2008-11-14
How to force a crash dump on Solaris 10 x86
Because SPARCs have OpenBoot, forcing Solaris SPARC to panic and do a crash dump is generally a pretty simple process. Because x86 hardware has no PROM environment (despite Sun trying to pretend otherwise), forcing a crash dump on Solaris 10 x86 is a little bit more intricate.
Crash dumps are done through the kernel debugger, which has to be loaded ahead of time from and on the system console. (Technically I think that you can load it on a serial connection, should you have one that is not the system console.)
You load the kernel debugger by running the command 'mdb -K' as root.
This immediately drops you into the kernel debugger, halting the rest
of the kernel and the system, so when you see the debugger prompt you
want to use the ':c' command to continue everything. Once the kernel
debugger is loaded, you can (theoretically) break into it at any time
with either F1-A or Shift-Pause.
(In a stroke of what I can only describe as Sun's typical brilliance, neither key sequence can be set as a hotkey in the SunFire X2100 and X2200 ILOM KVM-over-IP environment. F1-A does work if your local machine will pass it to the ILOM console application.)
Once you are in the kernel debugger, the command to crash the system is:
$<systemdump
If all goes well, the crash dump will appear in /var/crash/<hostname>/
as usual after the machine reboots.
When you are done with the kernel debugger (for example, the system
works fine during testing instead of crashing), you can and should
unload it again by running 'mdb -U'. Among other things, this makes
F1-A and Shift-Pause on the console not dangerous any more.
Mdb, including the kernel debugging stuff, is mostly
documented in the Solaris Modular Debugger Guide and in the mdb and kmdb
manpages. Note that the SMDG has not been updated for recent updates of
Solaris 10 (for example, its instructions on how to start the kernel
debugger on boot are for the old x86 boot environment, not the new one).
If the machine is still running normally, you have two additional options:
- '
reboot -d' will force a crash dump before/while rebooting.
(However, speaking from personal experience it is possible to get a Solaris 10 system into such a state that it cannot reboot, although it's still running relatively normally.) - '
savecore -L' will take a 'crash dump' of a live system without interrupting it, provided that you have configured a dedicated dump device withdumpadm. You'll want the system to be as quiet as possible, and even then you may not get a usable dump.

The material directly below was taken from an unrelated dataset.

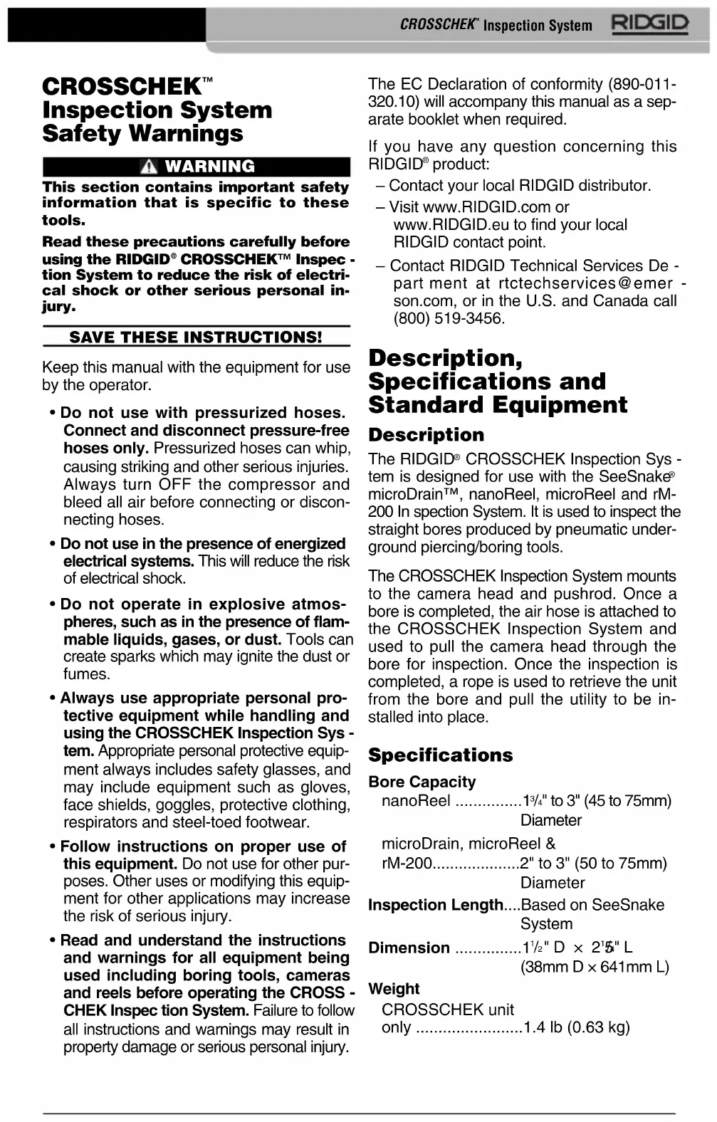 Inspection System The EC Declaration of conformity (890-011- 320.10) will accompany this manual as a sep- arate booklet when required. If you have any question concerning this RIDGID

(This is one of those entries I write to have this information in an easily accessible place that I can remember.)
2008-11-05
An issue with quotas on ZFS pools
For peculiar local reasons, we have some ZFS pools that have overall pool quotas (on Solaris 10 U5, so these are real full quotas). We just had the first such pool fill up and it turns out that when this happens, ZFS has a somewhat undesirable bit of behavior:
$ rm tankdata
rm: tankdata not removed: Disc quota exceeded
(You can't truncate anything either. Not even root can remove or truncate files.)

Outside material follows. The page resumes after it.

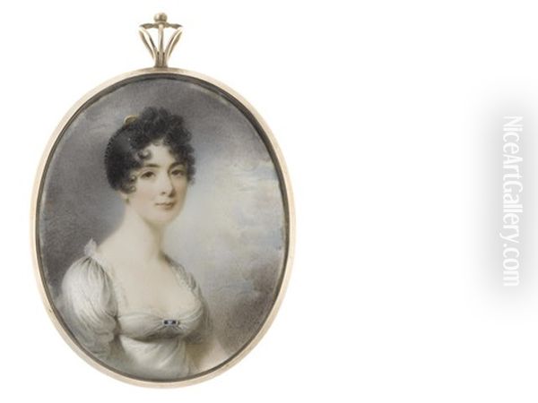 Mrs Mary Gaskell (d.1845), Wearing White Dress Edged With Lace, Sapphire Brooch At Her Corsage, Her Raven Hair Braided, Curled And Upswept With A Tortoiseshell Comb

This does not happen if the pool has no quota and fills up, and it
also does not happen if the quota is on anything but the pool itself.
For example, you can put all of your filesystems under a 'quota'
pseudo-filesystem and put what would otherwise be a pool quota on this
'quota' filesystem and everything works (users run out of space but
can fix it themselves).
(Note that there are no snapshots involved here; neither the pool that this happened to nor the test pool that I used to explore what was going on had any snapshots at all.)
I assume that what is going on here is that ZFS is counting the very temporary extra space needed for the internal metadata necessary when you remove the file against the pool quota and since there is no space left in the pool quota, disallowing the action. This is consistent with its snapshot behavior, although even less useful.
I suspect (and hope) that this behavior will go away with Solaris 10 update 6's new 'refquota' ZFS feature, which makes this yet another reason to upgrade to Solaris 10 U6 as soon as we can (now that it's finally out).
(By the way, the way to fix a pool with this problem is of course to temporarily increase or remove the ZFS pool quota.)